Fujifilm XQ1 First Impressions Review
Body & Design
The XQ1's design will look instantly familiar to anyone who's followed this sector of the market over the past few years - it looks almost exactly the same as Canon's S-series compacts and the Sony RX100. In the process, almost all of Fujifilm's usual design distinctiveness has disappeared - only the tiny accent to the top-plate underneath the shutter button marks it out as looking slightly different.
It's a very nicely-made camera though, which feels extremely solid in your hand. It's quite slender and genuinely pocketable, smaller than the RX100 but not quite as small as the Canons. The thumbpad on the back has a thick rubber coating, and has a slight 'hook' to help give a more secure grip. The textured surface of the black version shown helps in this regard too.
The back of the camera is dominated by the 3" 920k dot screen, with the rear controls clustered to its right. There's a small dial that also acts as a 4-way controller, with the Menu/OK button in its center. The XQ1 has a dedicated movie recording button, allowing video capture from all exposure modes. The E-Fn button acts as a 'shift key' to access further functions from the 6 buttons above it (Play, Record and 4-way controller), all of which are user-assignable - see later for more details.
Top of camera
The XQ1's top plate is utterly conventional - the shutter button is encircled by a small zoom lever, with the small On/Off button to one side and the mode dial to the other. The stereo microphones are placed towards the center., with the pop-up flash on the left. This is not motorized, but released by a sliding mechanical switch.
Here you can also clearly see the customizable control ring around the lens, which rotates smoothly without any click-stops. With the lens retracted, the camera is reasonably slender and pocketable.
In your hand
The XQ1 has built-in Wi-Fi which is primarily designed for sharing photos.

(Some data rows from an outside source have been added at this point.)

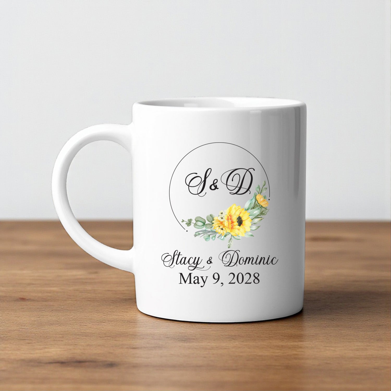 Add a touch of sunshine to weddings, anniversaries, or baby showers with the Sunflower Personalized White Ceramic Coffee Mug. Customizable with names, dates, or a short message, this cheerful mug makes a bright and practical favor for guests.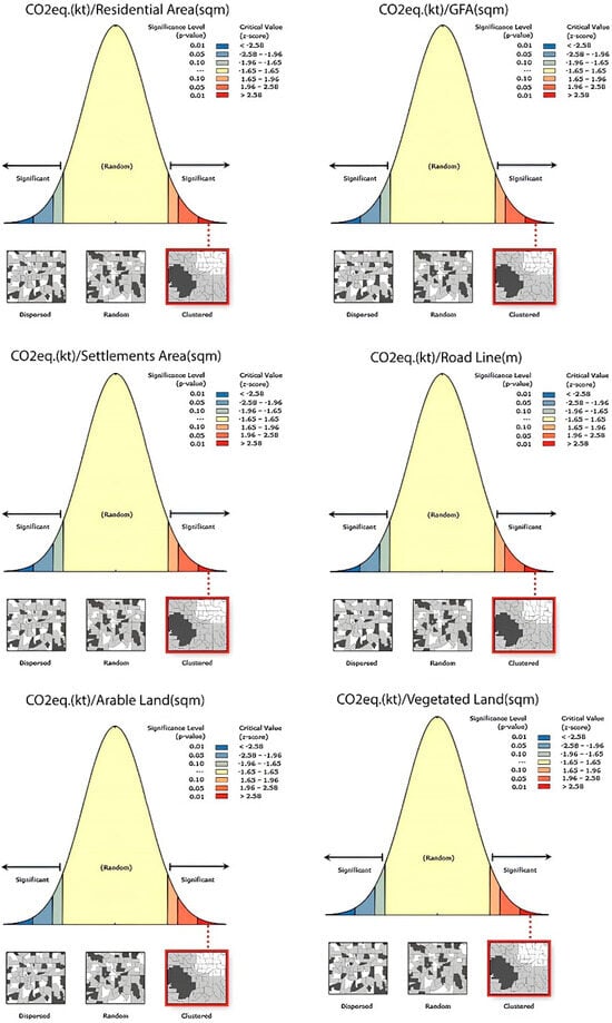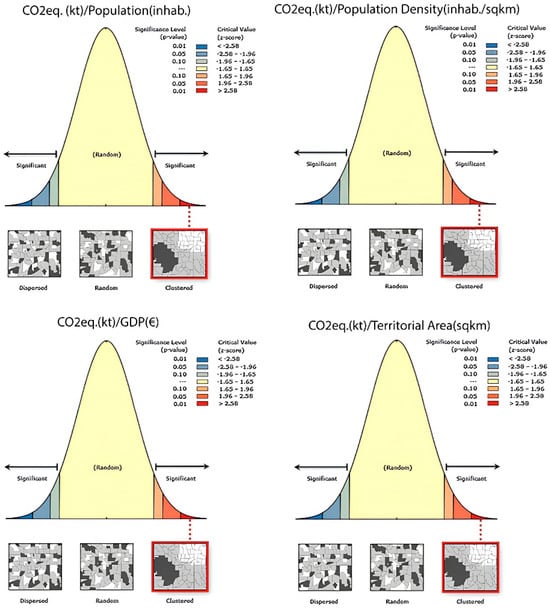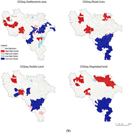 - High–High Cluster: A cluster of areas with a high CO2 equivalent value and high values of other demographic or territorial indicators. This means that the areas in this cluster have relatively high values for both variables.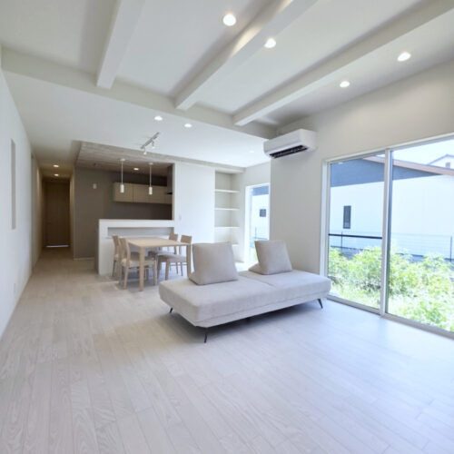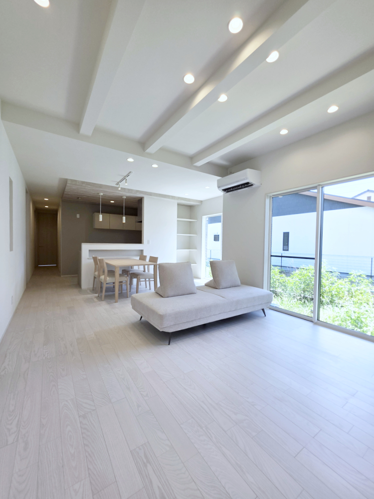 弊社の建売住宅は、リビングエアコン、全室LED照明、ソファ、ダイニングセット、スツールがついています!快適な生活を手軽に始められます。

Images can be transferred to your tablet or smartphone using Fujifilm's unimaginatively-named 'Camera Application' for iOS and Android. There's also a basic 'Photo Receiver' app that you can encourage your friends to install, so you can transfer images to their device. Alternatively images can be automatically saved to PC across a Wi-Fi network, using the equally literally-titled 'PC Autosave' program for Windows or Mac.
Wi-Fi sharing is activated by pressing the E-Fn button in playback mode, at which point the camera will fire up its network and give on-screen instructions for how to connect. It's all relatively straightforward, mainly because the camera sets up an unsecured network with no password. Instead all connections have to be explicitly authorized from the camera.
Overall this isn't the most exciting or sophisticated implementation of in-camera Wi-Fi we've seen. However it's reasonably straightforward to set up and use, and offering a stripped-down app that can only receive images is a nice touch.